Peter Schmuck

Peter Schmuck: Mike Elias is getting on my nerves

Used to be, one of the best things about being a sports columnist in Baltimore was getting to predict how whatever the Orioles did during the offseason was going to go wrong and then patting yourself on the back and reminding everyone when you turned out to be right.

Mike Elias is ruining everything.

Last winter, I thought I had him. He said he was going to spend some money to upgrade the club after the surprising 2022 season and then delivered several seemingly uninspiring acquisitions. I was happy to give him the benefit of the doubt after the O’s won 83 games in his fourth season as executive vice president and general manager, but I certainly wasn’t impressed.

Then veteran pitcher Kyle Gibson arrived to both mentor and stabilize the starting rotation and won 15 games. Non-roster spring invitee Ryan O’Hearn, who was acquired from the Royals and didn’t make the Opening Day roster, might have been the league’s Comeback Player of the Year if not for White Sox pitcher Liam Hendriks’ inspiring return to the mound after conquering Stage 4 non-Hodgkin’s lymphoma.

If that wasn’t enough to make me question my well-honed professional cynicism, free-agent second baseman Adam Frazier showed up and delivered solid defense and the best run-production numbers of his eight-year career. Elias also acquired veteran catcher James McCann, who gave the club a very solid backup for Adley Rutschman.

There are some other examples, but you get the idea.

The Orioles won 101 games and Elias continues to look like a genius, which puts me in a tough position as we all wait to see whether he can find another solid starting pitcher to augment that slightly older rotation.

The free-agent market has developed very slowly this winter, but I recently found myself in the strange position of trying to boost the morale of one of my colleagues, who I will not identify except to say that if his last name was translated from the original Russian, he would be known as Rich Forest.

“I don’t know why he didn’t just keep Kyle Gibson,’’ he said the other day, and I had to remind him that people were saying the same thing about Jordan Lyles last year.

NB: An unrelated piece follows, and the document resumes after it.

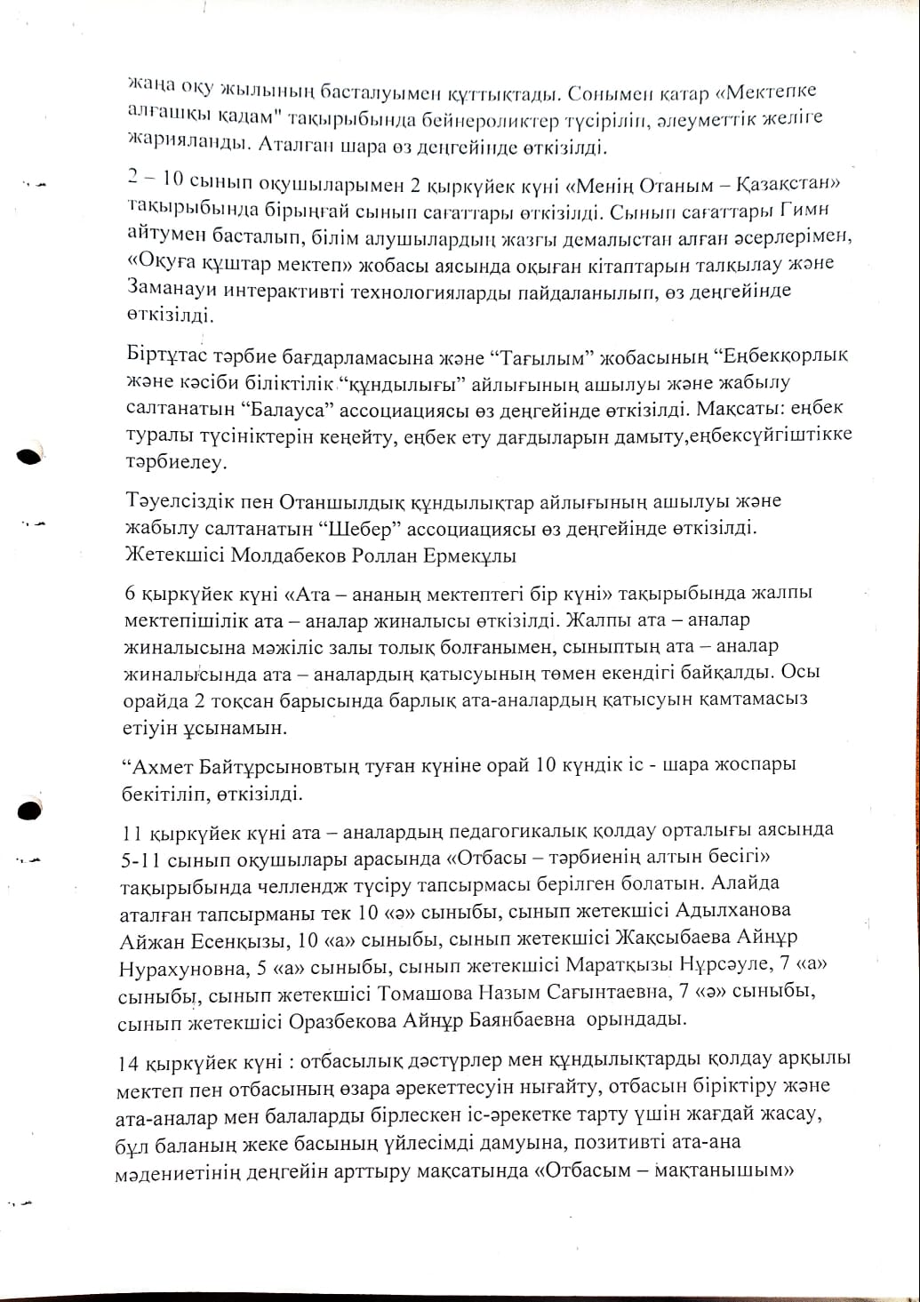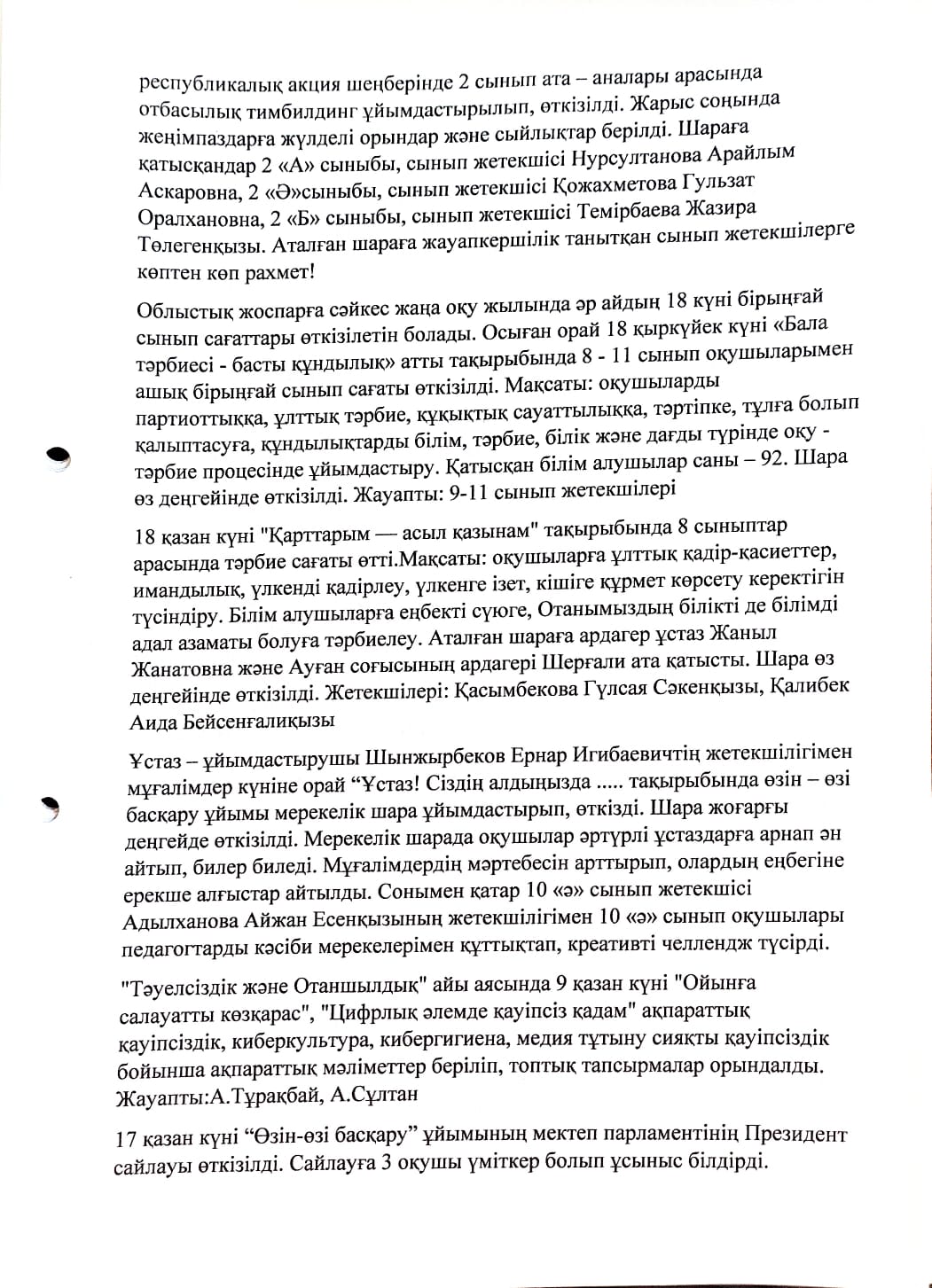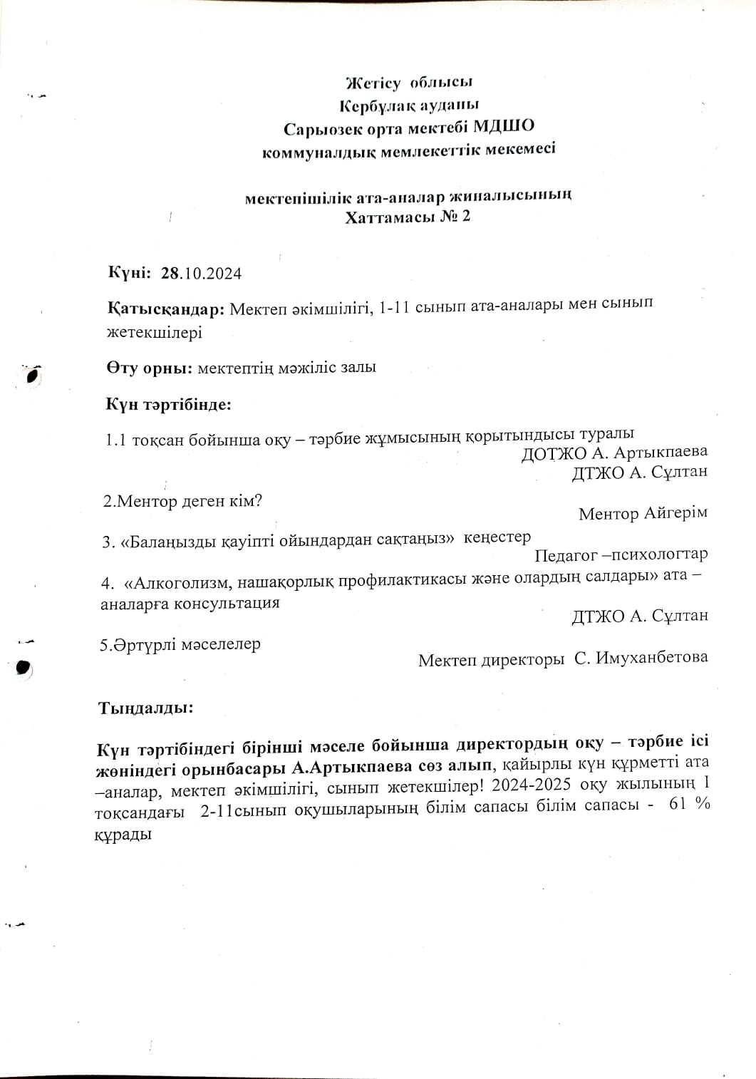 Жалпы мектепішілік ата - аналар жиналысының №2 хаттамасы » Жетісу облысы Кербұлақ ауданы Сарыөзек орта мектебі

Lyles, of course, was a very positive influence on the then even-younger O’s rotation before leaving last winter to join the Royals and become the losingest starting pitcher in all of baseball (6-17).

I don’t know how Elias and his analytics nerds knew that was going to happen, but let’s just say I’m not rushing to Maryland Live to bet that Gibson will be in the running for the Cy Young Award this coming season.

Somehow, these guys figured out that Félix Bautista, who was pitching at Single-A Aberdeen at the start of the 2021 season, was capable of replacing traded closer Jorgé Lopez in August of 2022 and becoming the most dominant closer in the game before his elbow gave out last August.

Of course, the Lopez trade also brought the Orioles reliever Yennier Cano, who was unhittable for the first half of this past season and joined Bautista on the American League All-Star team.

So, yes, I was a bit skeptical when the O’s signed 35-year-old Craig Kimbrel to fill in for Bautista on the heels of an ugly performance with the Phillies in the NLCS and a 2023 regular season in which he converted 23 of 28 save opportunities and set a career high with 10 home runs allowed — eight of them in the ninth inning.

And, sure, I still don’t know what the Orioles see in 26-year-old right-hander Jonathan Heasley, whom they acquired from the Royals for minor league prospect Cesar Espinal and who has struggled as both a starter and reliever in parts of three major league seasons.

But I’ve reached the point where I’m not going to be surprised if Kimbrel saves 40 games and Heasley ends up having success in the starting rotation at some point in the season … unless Elias deals for another journeyman starter who can win 15 games while flirting with a 5-plus ERA.

Elias is one of those guys who always seem to know something you don’t, which would be really irritating if it weren’t true.